Problem to work on:
Please state how many lines in the records contain the string "This", with no words besides the number.
===== Provided records
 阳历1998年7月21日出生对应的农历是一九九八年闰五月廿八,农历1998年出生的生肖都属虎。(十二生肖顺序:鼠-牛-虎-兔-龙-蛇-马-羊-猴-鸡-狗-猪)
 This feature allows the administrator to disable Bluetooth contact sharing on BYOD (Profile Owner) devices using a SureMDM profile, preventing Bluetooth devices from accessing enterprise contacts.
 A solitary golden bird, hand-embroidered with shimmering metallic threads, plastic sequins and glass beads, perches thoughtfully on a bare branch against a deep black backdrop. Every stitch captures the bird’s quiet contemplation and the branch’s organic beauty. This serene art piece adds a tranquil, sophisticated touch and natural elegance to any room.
==========
===== Provided records
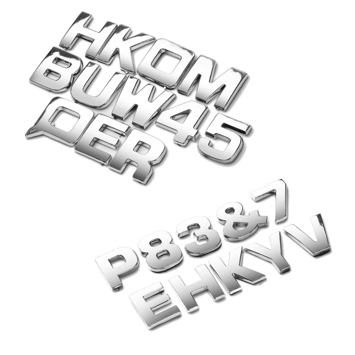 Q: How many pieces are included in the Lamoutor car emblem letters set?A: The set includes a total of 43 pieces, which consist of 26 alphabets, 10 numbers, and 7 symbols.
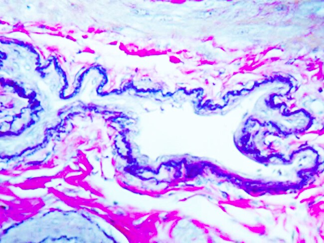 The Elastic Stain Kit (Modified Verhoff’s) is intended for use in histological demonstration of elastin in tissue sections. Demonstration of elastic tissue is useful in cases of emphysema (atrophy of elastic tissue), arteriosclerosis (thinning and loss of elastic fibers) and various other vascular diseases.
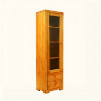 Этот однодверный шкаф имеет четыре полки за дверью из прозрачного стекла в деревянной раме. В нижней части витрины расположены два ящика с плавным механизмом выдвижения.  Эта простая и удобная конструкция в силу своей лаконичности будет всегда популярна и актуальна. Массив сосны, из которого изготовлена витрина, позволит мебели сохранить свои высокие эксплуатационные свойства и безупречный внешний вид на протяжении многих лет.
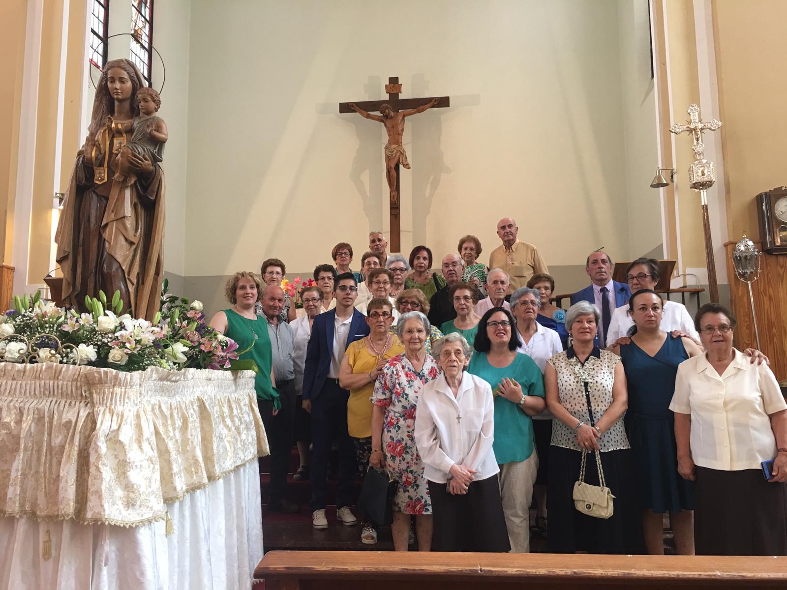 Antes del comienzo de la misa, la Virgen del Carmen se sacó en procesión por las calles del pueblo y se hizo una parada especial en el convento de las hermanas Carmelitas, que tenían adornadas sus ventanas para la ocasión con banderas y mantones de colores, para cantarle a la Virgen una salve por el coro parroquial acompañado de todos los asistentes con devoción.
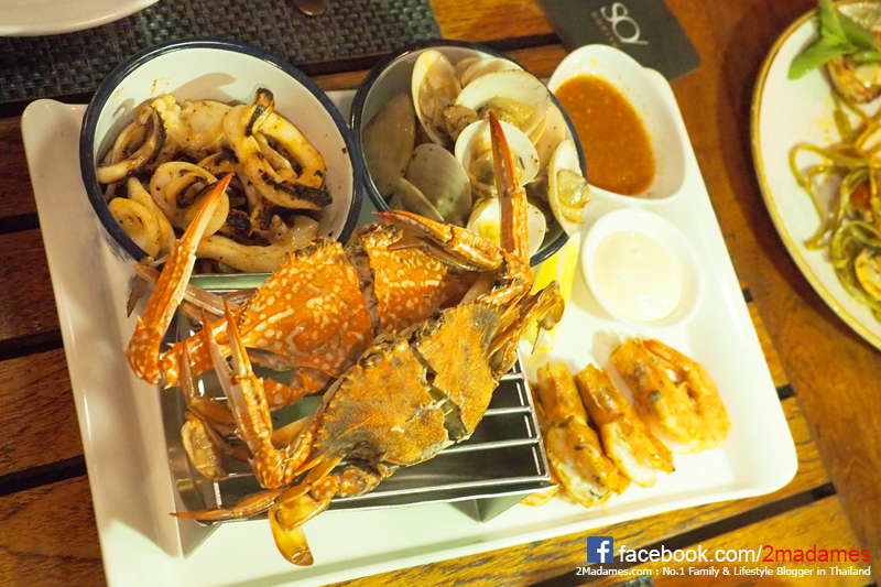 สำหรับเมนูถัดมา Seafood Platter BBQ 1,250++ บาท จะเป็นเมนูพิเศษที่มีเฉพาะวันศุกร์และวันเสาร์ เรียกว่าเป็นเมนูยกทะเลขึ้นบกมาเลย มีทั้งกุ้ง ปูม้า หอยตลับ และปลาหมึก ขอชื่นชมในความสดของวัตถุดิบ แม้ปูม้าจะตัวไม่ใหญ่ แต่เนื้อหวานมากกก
==========
Result:
2